Jeadine White

Personal information
- Full name: Jeadine Shemar White
- Date of birth: 7 July 2000 (age 25)
- Place of birth: Kingston, Jamaica
- Height: 1.86 m (6 ft 1 in)
- Position: Goalkeeper

Team information
- Current team: Cavalier
- Number: 31

Senior career*
- Years: Team / Apps / (Gls)
- 2016–2019: Cavalier / 10 / (0)
- 2019–2020: Humble Lions / 9 / (0)
- 2020–: Cavalier / 65 / (0)

International career^{‡}
- 2018: Jamaica U20
- 2018–: Jamaica / 3 / (0)

= Jeadine White =

Jamaican footballer (born 2000)

Jeadine Shemar White (born 7 July 2000) is a Jamaican international footballer who plays for Cavalier, as a goalkeeper.

==Club career==
Born in Kingston, White has played club football for Cavalier and Humble Lions. In 2020, White returned to Cavalier.

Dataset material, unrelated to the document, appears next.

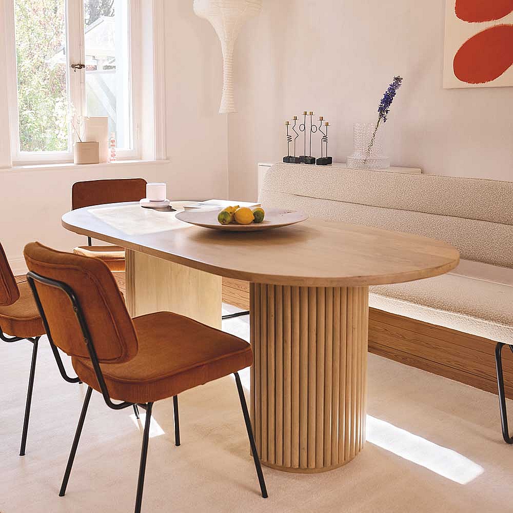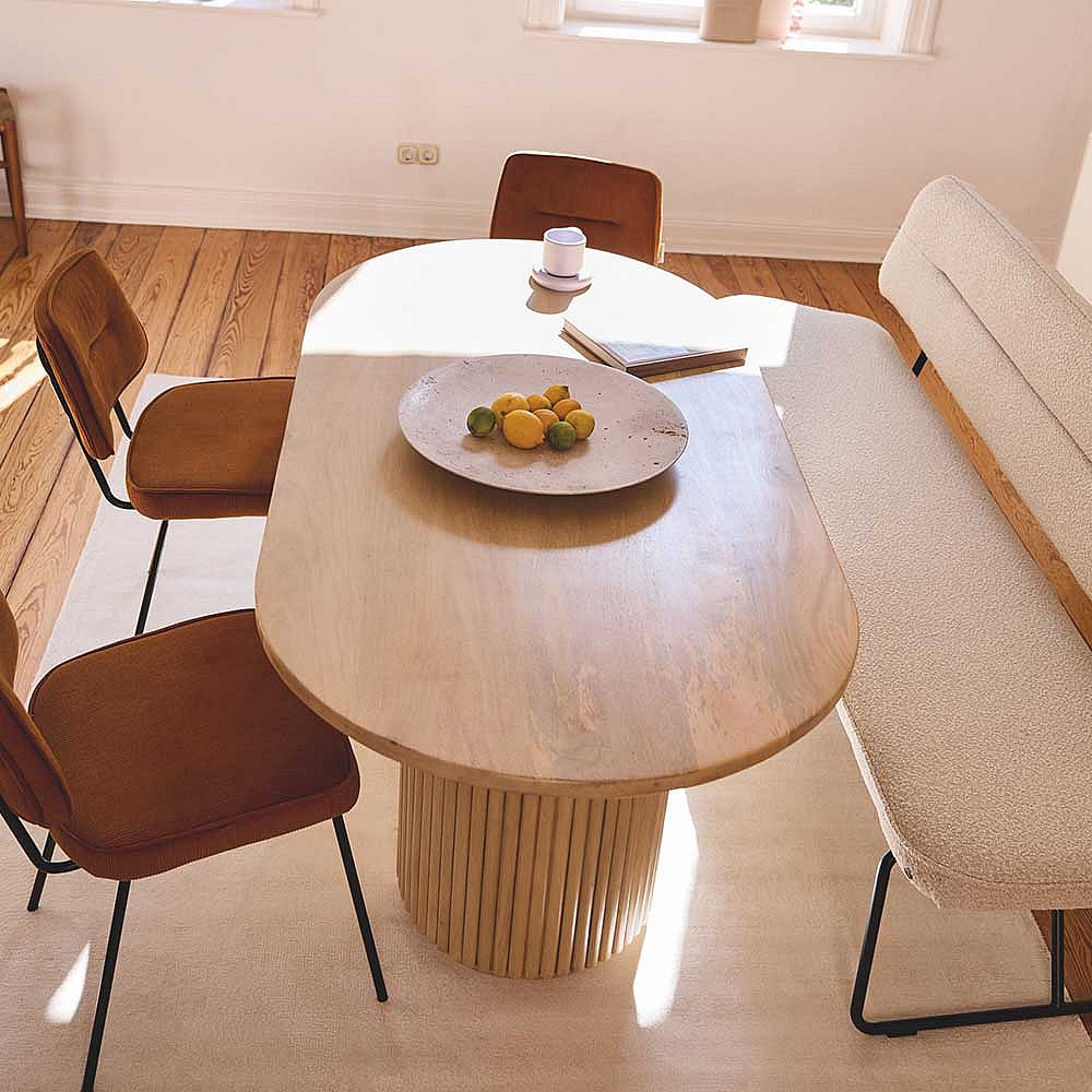 Massivholztisch Esstisch in Mangoholz Naturfarben im Skandi Design
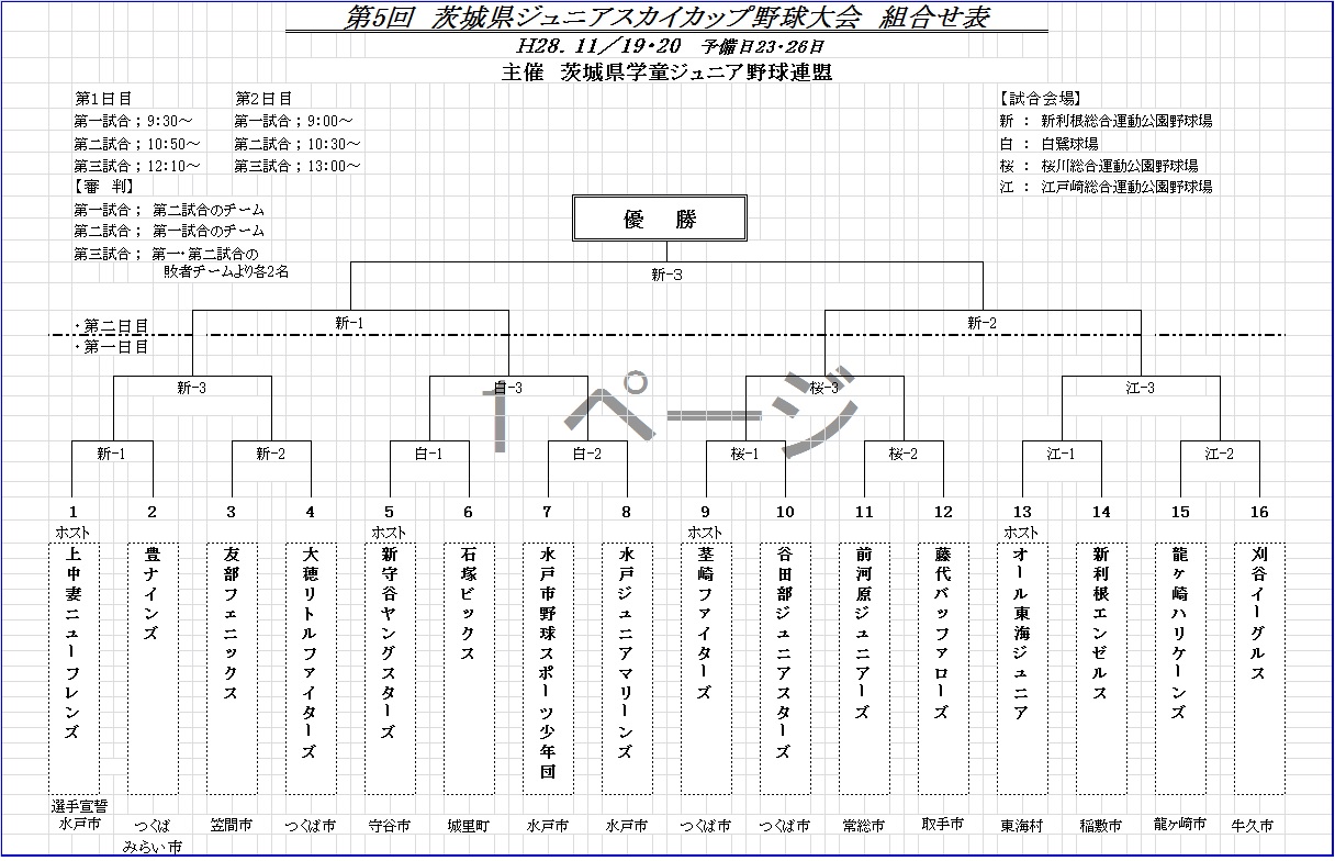 茎崎、大穂、友部、新守谷、石塚、藤代B、水戸野球、谷田部

On 2 October 2021, White saved two penalties to help Cavalier win the National Premier League; their first league title since 1981.

==International career==
After playing for Jamaica at under-20 level, he made his senior international debut for Jamaica in 2018.

==Coaching career==
In 2023, White accepted a position as the goalkeeper's coach at his alma mater, St Andrew Technical High School, at the invitation of his former schoolboy coach.